# Integration of funtion multiplied by shifted heavyside step

1. Sep 26, 2010

### SpaceDomain

As I understand it, the following is true:

$$\int_{0}^{\infty}{u(t - \lambda) d\lambda} = \int_{0}^{t}{d\lambda}$$

But I do not understand why. It seems to me that the left side above should equal

$$\int_{\lambda}^{\infty}{d\lambda}$$

since

$$u(t - \lambda) = \left\{\begin{array}{cc}0,&\mbox{ if } t< \lambda \\ 1, & \mbox{ if } t> \lambda \end{array}\right.$$

I obviously don't understand this correctly. What am I not doing right?

2. Sep 26, 2010

### SpaceDomain

I guess there is not a function multiplied by the unit step function here. But if there were, like:
$$\int_{0}^{\infty}{f( \lambda ) u(t - \lambda) d\lambda}$$

then it would be equal to

$$\int_{0}^{t}{f( \lambda) d\lambda}$$

Right?

3. Sep 26, 2010

### SpaceDomain

Oh, I think I am seeing my mistake in logic here.

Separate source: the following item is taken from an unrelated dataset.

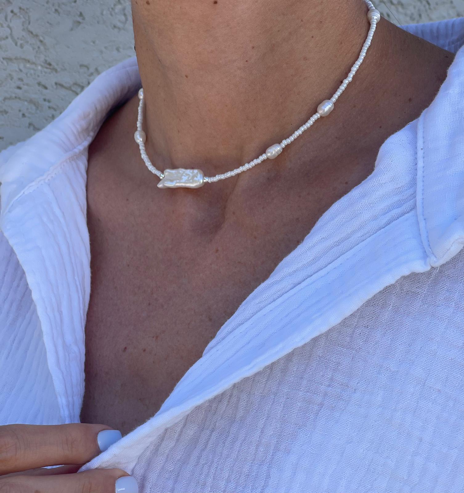 שרשרת חרוזים לבנים בשילוב פנינים בגדלים שונים.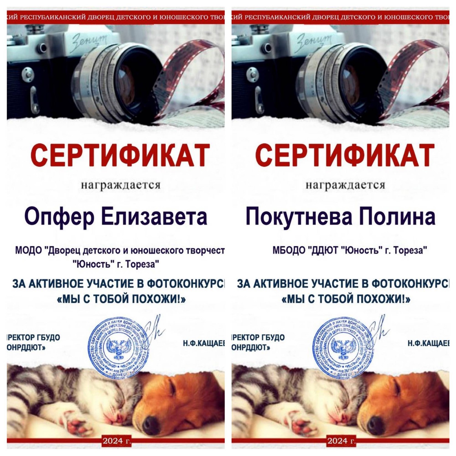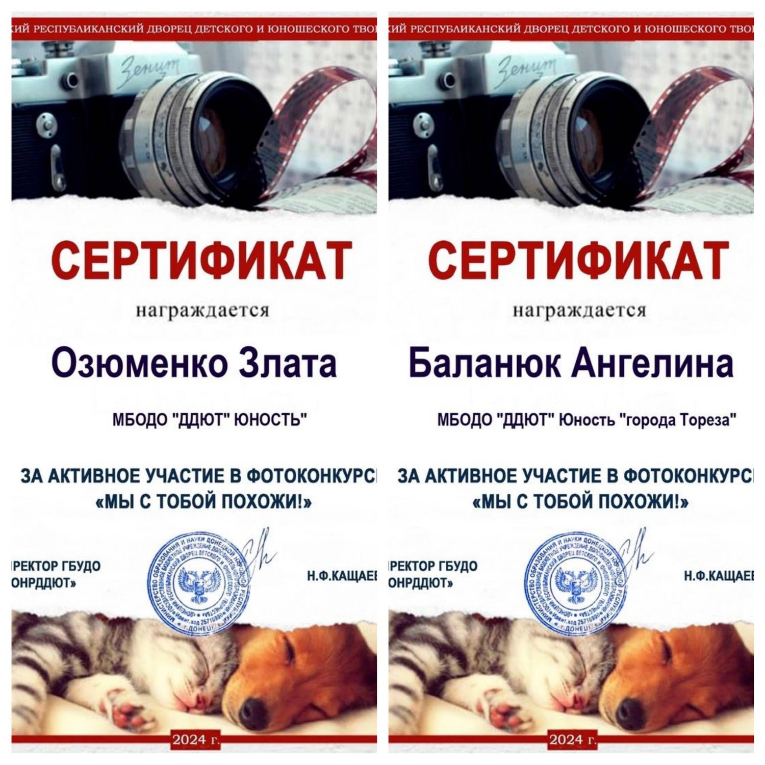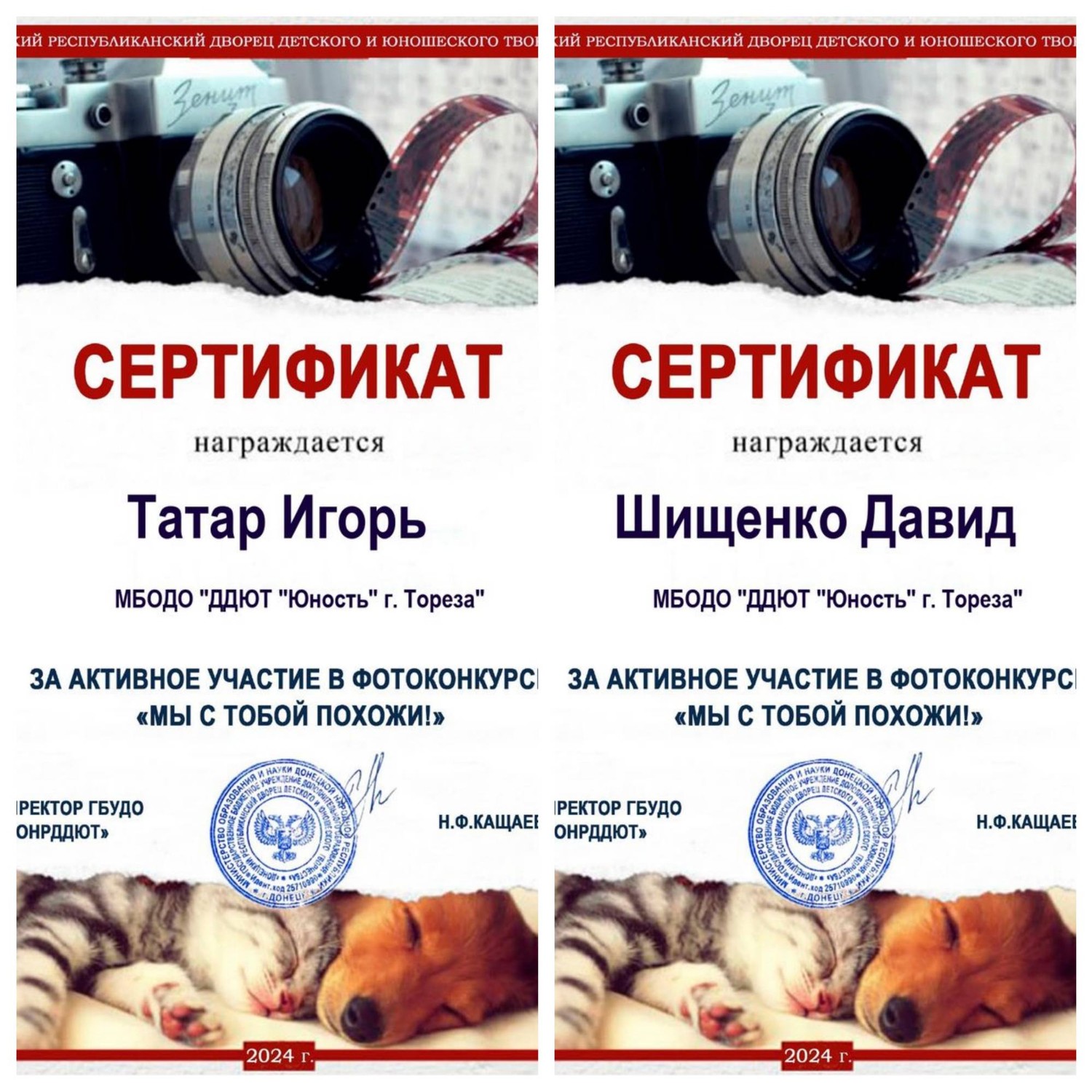 С 19 сентября по 04 октября 2024 года Донецким Республиканским Дворцом детского и юношеского творчества был проведен фотоконкурс "Мы с тобой похожи!", приуроченный ко Всемирному дню животных. В творческом мероприятии приняли участие обучающиеся школ раннего развития «Город друзей» и «Супер детки» (педагог Цымбаленко И.О.) и народного художественного коллектива «Живопись и графика» (педагог Даушева Е.В.). Благодаря конкурсу юные фотографы показали насколько интересна и увлекательна жизнь животных, и как много общего между людьми и их питомцами. Все дети награждены сертификатами за активное участие в фотоконкурсе! Будьте верны своим питомцам, любите их, и они обязательно ответят вам взаимностью! | |

The unit step $$u(t - \lambda)$$ is a shift the unit step $$u(\lambda)$$ and then symmetric about the vertical axis.

I should be thinking of this as a graph of $$\lambda$$ vs. $$u(\lambda)$$.

I was getting thrown off by the variable t here because I am so used to it being the independent variable. Okay, okay. Never mind.